▶ WORK TO BE COMPLETED
Restate word for word the lines below that run from the one holding "7.3.1 Buy Wilson" through the one holding "突变步长$ \sigma = 0.1", inclusive. Pictures don't belong in the copy.

▶ RECORDS FOR THE TASK

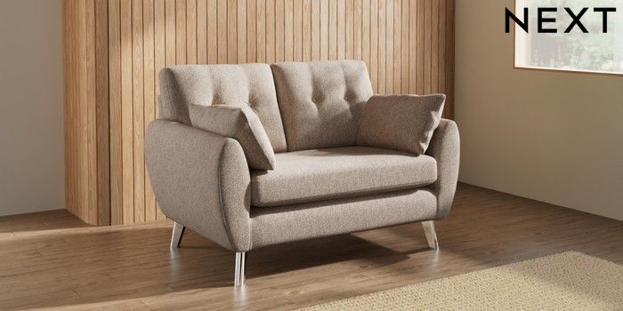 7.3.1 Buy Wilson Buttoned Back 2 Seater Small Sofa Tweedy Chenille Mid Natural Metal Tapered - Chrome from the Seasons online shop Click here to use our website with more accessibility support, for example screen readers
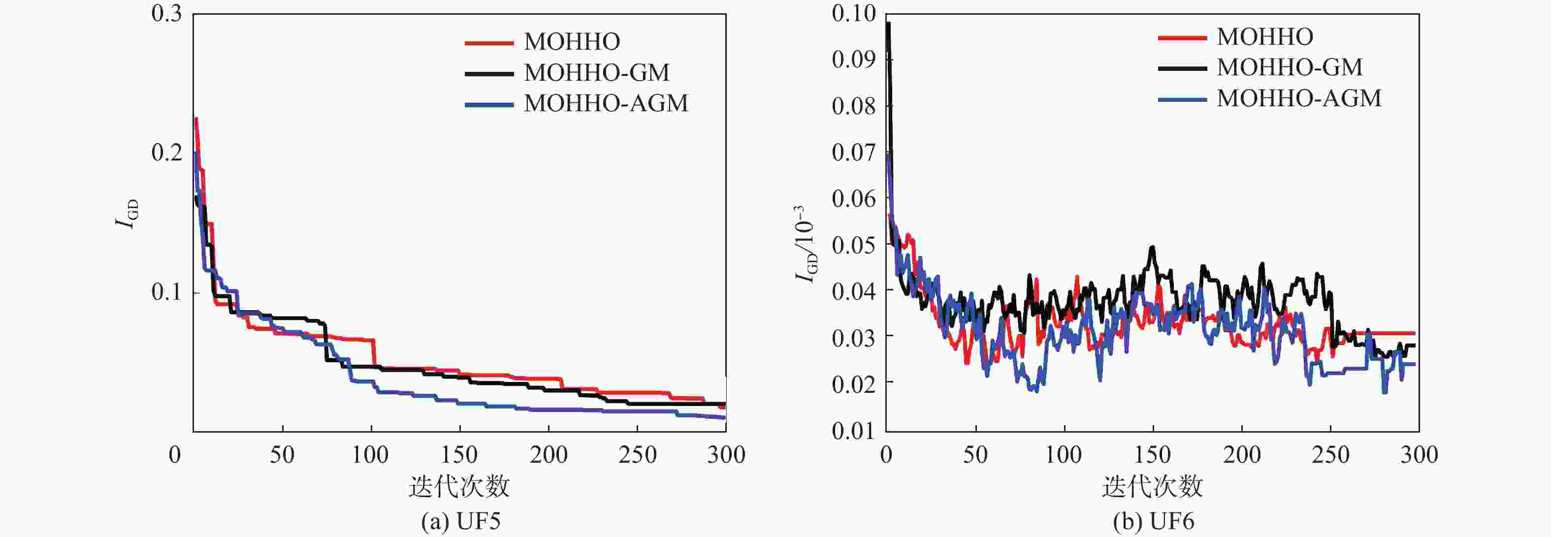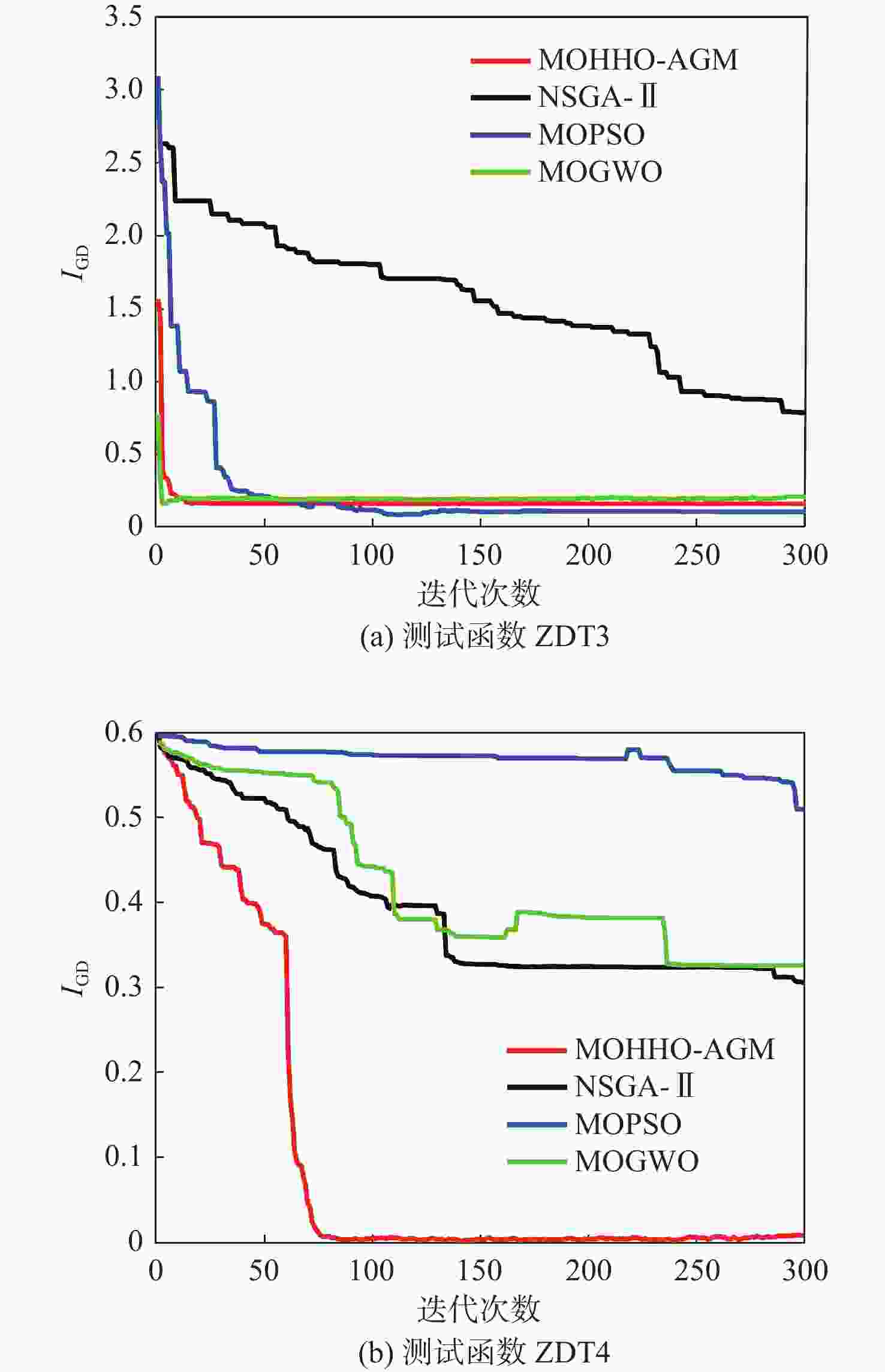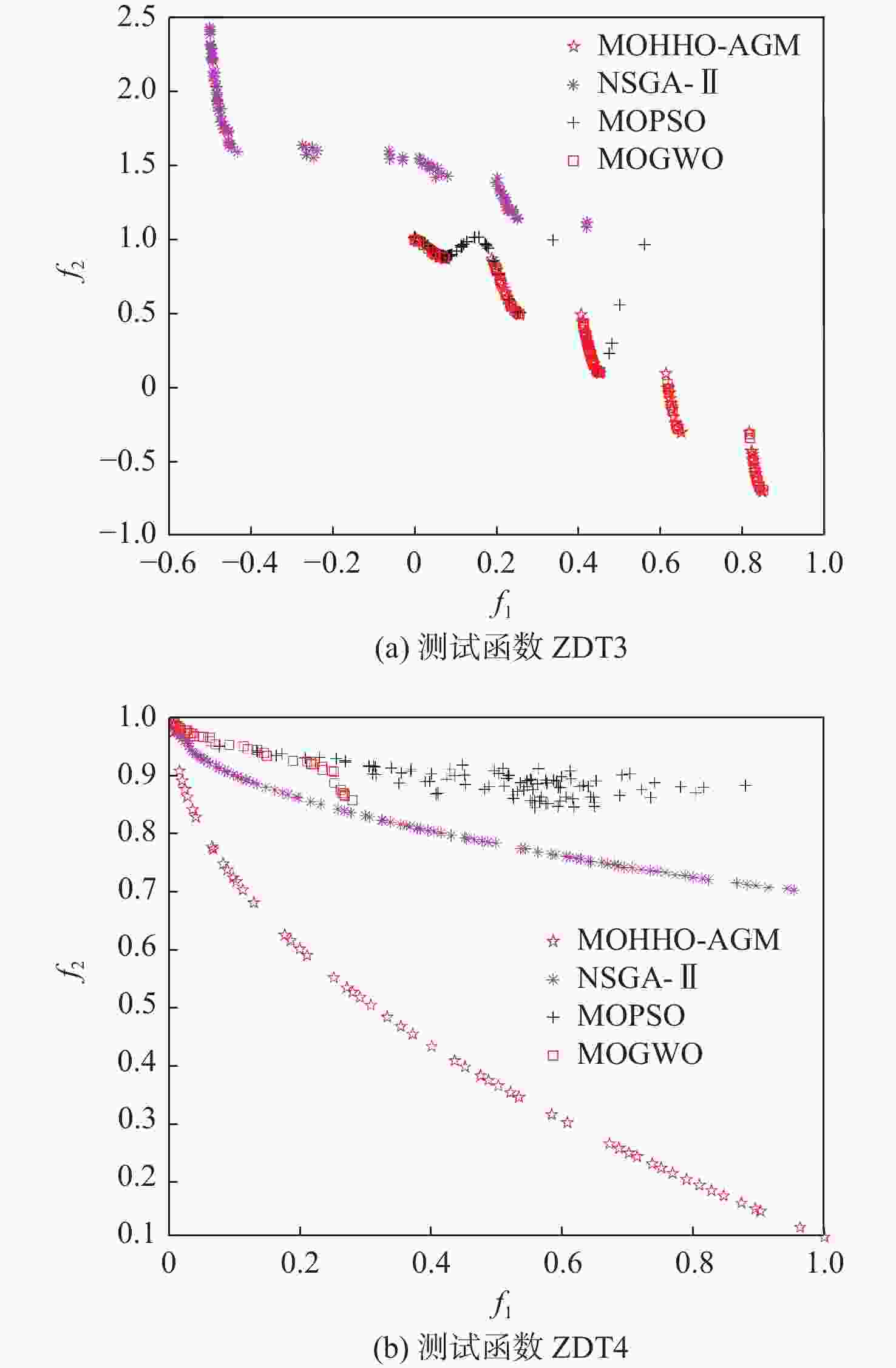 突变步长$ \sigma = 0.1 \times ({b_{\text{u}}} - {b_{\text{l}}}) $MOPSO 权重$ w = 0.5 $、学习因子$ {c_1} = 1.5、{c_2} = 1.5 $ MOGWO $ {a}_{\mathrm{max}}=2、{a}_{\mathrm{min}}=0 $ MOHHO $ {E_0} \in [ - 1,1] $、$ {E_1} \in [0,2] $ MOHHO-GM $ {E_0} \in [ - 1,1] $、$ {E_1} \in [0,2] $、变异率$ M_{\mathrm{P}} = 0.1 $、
...
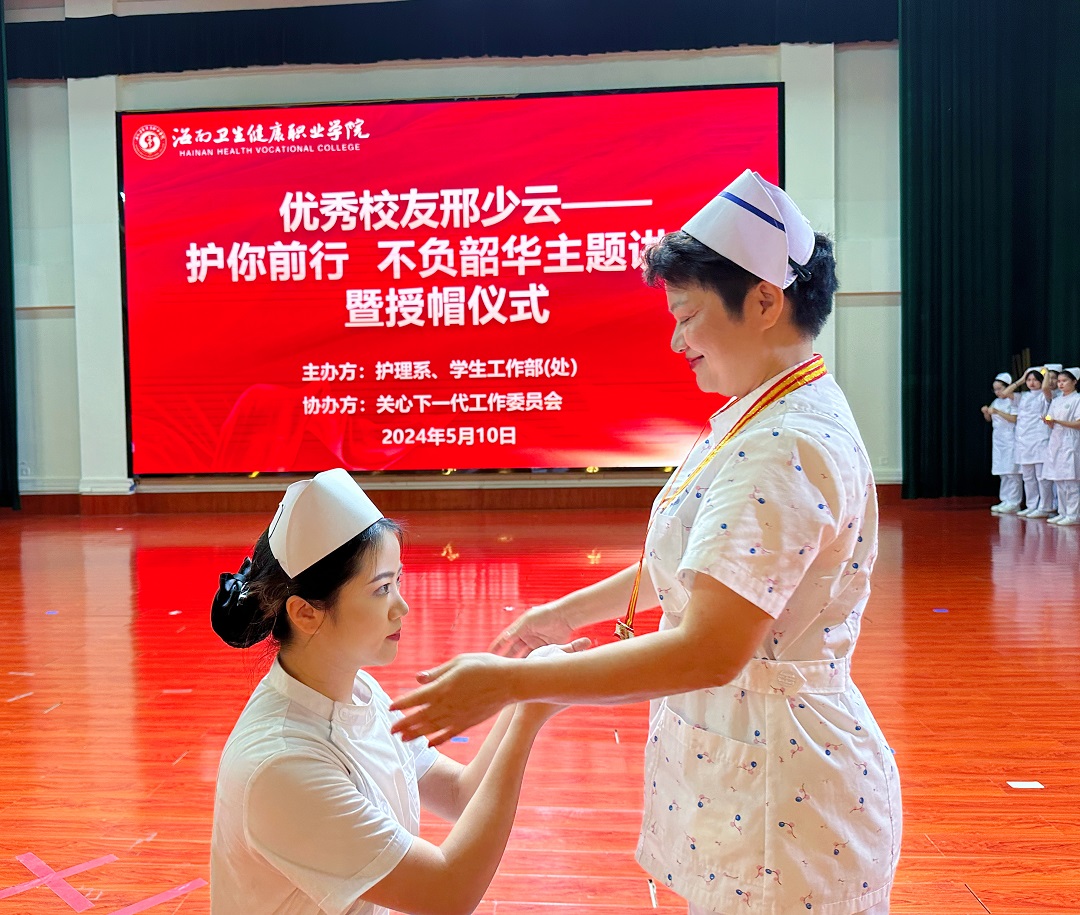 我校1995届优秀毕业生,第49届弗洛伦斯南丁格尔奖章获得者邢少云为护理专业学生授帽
--
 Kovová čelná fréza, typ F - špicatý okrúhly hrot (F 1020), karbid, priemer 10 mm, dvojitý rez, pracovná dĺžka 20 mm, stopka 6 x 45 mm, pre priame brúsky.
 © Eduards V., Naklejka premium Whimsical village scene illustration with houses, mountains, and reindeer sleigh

▶ SOLVED PROBLEM
 7.3.1 Buy Wilson Buttoned Back 2 Seater Small Sofa Tweedy Chenille Mid Natural Metal Tapered - Chrome from the Seasons online shop Click here to use our website with more accessibility support, for example screen readers
 突变步长$ \sigma = 0.1 \times ({b_{\text{u}}} - {b_{\text{l}}}) $MOPSO 权重$ w = 0.5 $、学习因子$ {c_1} = 1.5、{c_2} = 1.5 $ MOGWO $ {a}_{\mathrm{max}}=2、{a}_{\mathrm{min}}=0 $ MOHHO $ {E_0} \in [ - 1,1] $、$ {E_1} \in [0,2] $ MOHHO-GM $ {E_0} \in [ - 1,1] $、$ {E_1} \in [0,2] $、变异率$ M_{\mathrm{P}} = 0.1 $、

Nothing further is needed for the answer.